Fasting blood samples were collected using sterile, disposable materials by a licensed phlebotomist. Blood was drawn directly into SST vacutainers. SST tubes sat at room temperature for 30 min and were then centrifuged in a refrigerated Centra CL3R (International Equipment Co.) for 10 min at 100× g at 10 °C. Next, 50 uL of serum was inserted into a basic metabolic reagent disk and placed into a Piccolo Xpress Chemistry Analyzer (Abbott, Princeton, NJ, USA) for determination of glucose and CVD risk markers, which included the following: glucose, total cholesterol, HDL, LDL, VLDL, non-HDLc and triglycerides. Ratios of total cholesterol to HDL and LDL to HDL were calculated.

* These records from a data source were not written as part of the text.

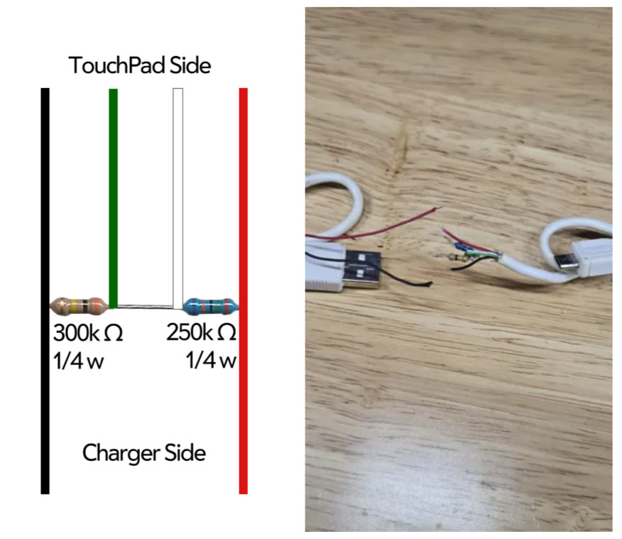Тем не менее, вы можете "обмануть" TouchPad, чтобы он заряжался нормально и не выдавал это сообщение, создав свой собственный кабель micro USB или же USB Type C, если вы уже модифицировали свой TouchPad.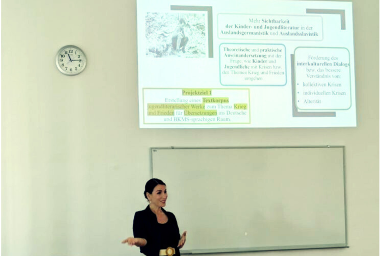 Der Vortrag präsentierte ein interkulturell ausgerichtetes Übersetzungsprojekt, in dessen Rahmen Studierende Werke der deutschsprachigen sowie der BKMS-Jugendliteratur (Bosnisch, Kroatisch, Montenegrinisch, Serbisch) mit thematischem Schwerpunkt auf Frieden und Krieg in die jeweils andere Sprache übertrugen. Zielsetzung war es, durch den Prozess der literarischen Translation translinguale und transkulturelle Dialogräume zu generieren, die es ermöglichen, jugendliche Perspektiven auf Konflikt, Friedensdiskurse und Verständigungsprozesse in ihrer ästhetischen wie diskursiven Vielschichtigkeit sichtbar zu machen.
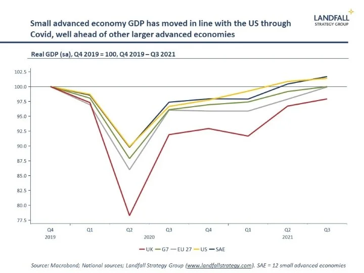 GDP growth in small advanced economies continues to out-perform most larger advanced economies (excluding the US) through Covid. This is a function of generally strong Covid management, the ability to inject fiscal stimulus into their economies, as well as their exposure to strong world trade growth through the Covid period. As was also the case during the global financial crisis, small advanced economies have turned in a resilient economic performance.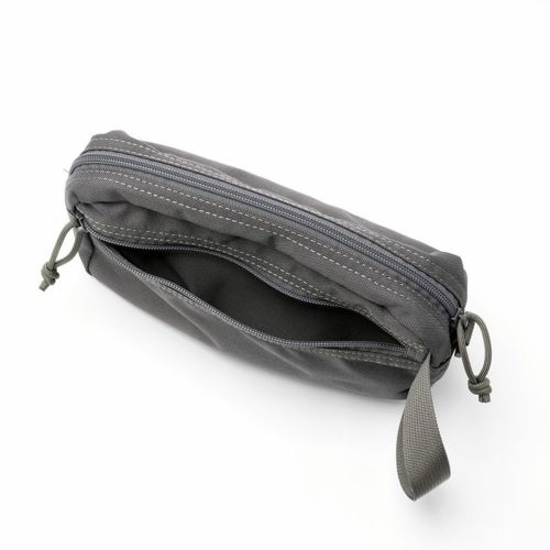 利用頻度の高いギアの吊り下げを想定し、ファスナーエンド(持ち手側)にROOT CO.オリジナルDカンを配置しました。AirPodsケースなど、外付けしておきたい小物の吊り下げに便利です。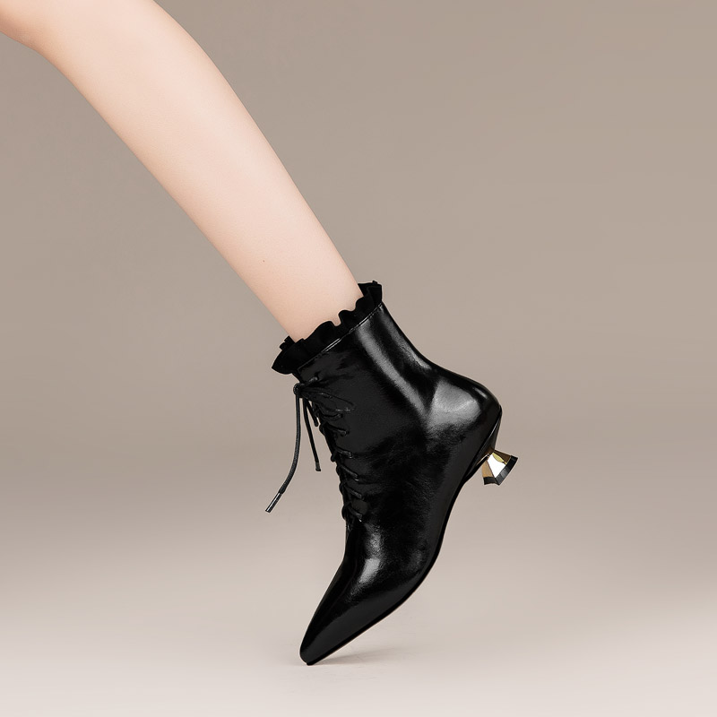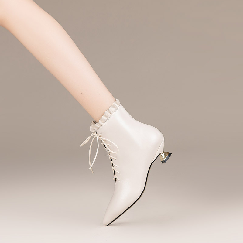 2025秋冬新款真皮尖头猫跟中筒靴子白色系带马丁靴高跟短靴瘦瘦靴

Insulin was measured in duplicate using Meso Scale Delivery (MSD) Multi-plex Assay System and were conducted according to the manufacturer’s instructions. Briefly, 150 uL of Blocker A was added to each well of the MSD plate, which was then sealed, incubated and shook (1000 rpm) for one hour at room temperature. The plate was then washed with phosphate-buffered saline plus 0.05% Tween-20 (PBS-T), and 50 uL of the sample and standard were added to each well. The plate was then sealed, incubated and shook (1000 rpm) for 2 h at room temperature. The plate was washed again with PBS-T and then 25 uL of detection antibody solution was added to each well. The plate was then sealed, incubated and shook (1000 rpm) at room temperature for one hour. The plate was washed for a final time with PBS-T and then 150 uL of Read Buffer T was added to each well. The plate was read on the MSD QuickPlex SQ 120 imager and quantified using an 8-point standard curve. Insulin concentrations were used to calculate HOMA-IR and QUICKI (Equation (3)).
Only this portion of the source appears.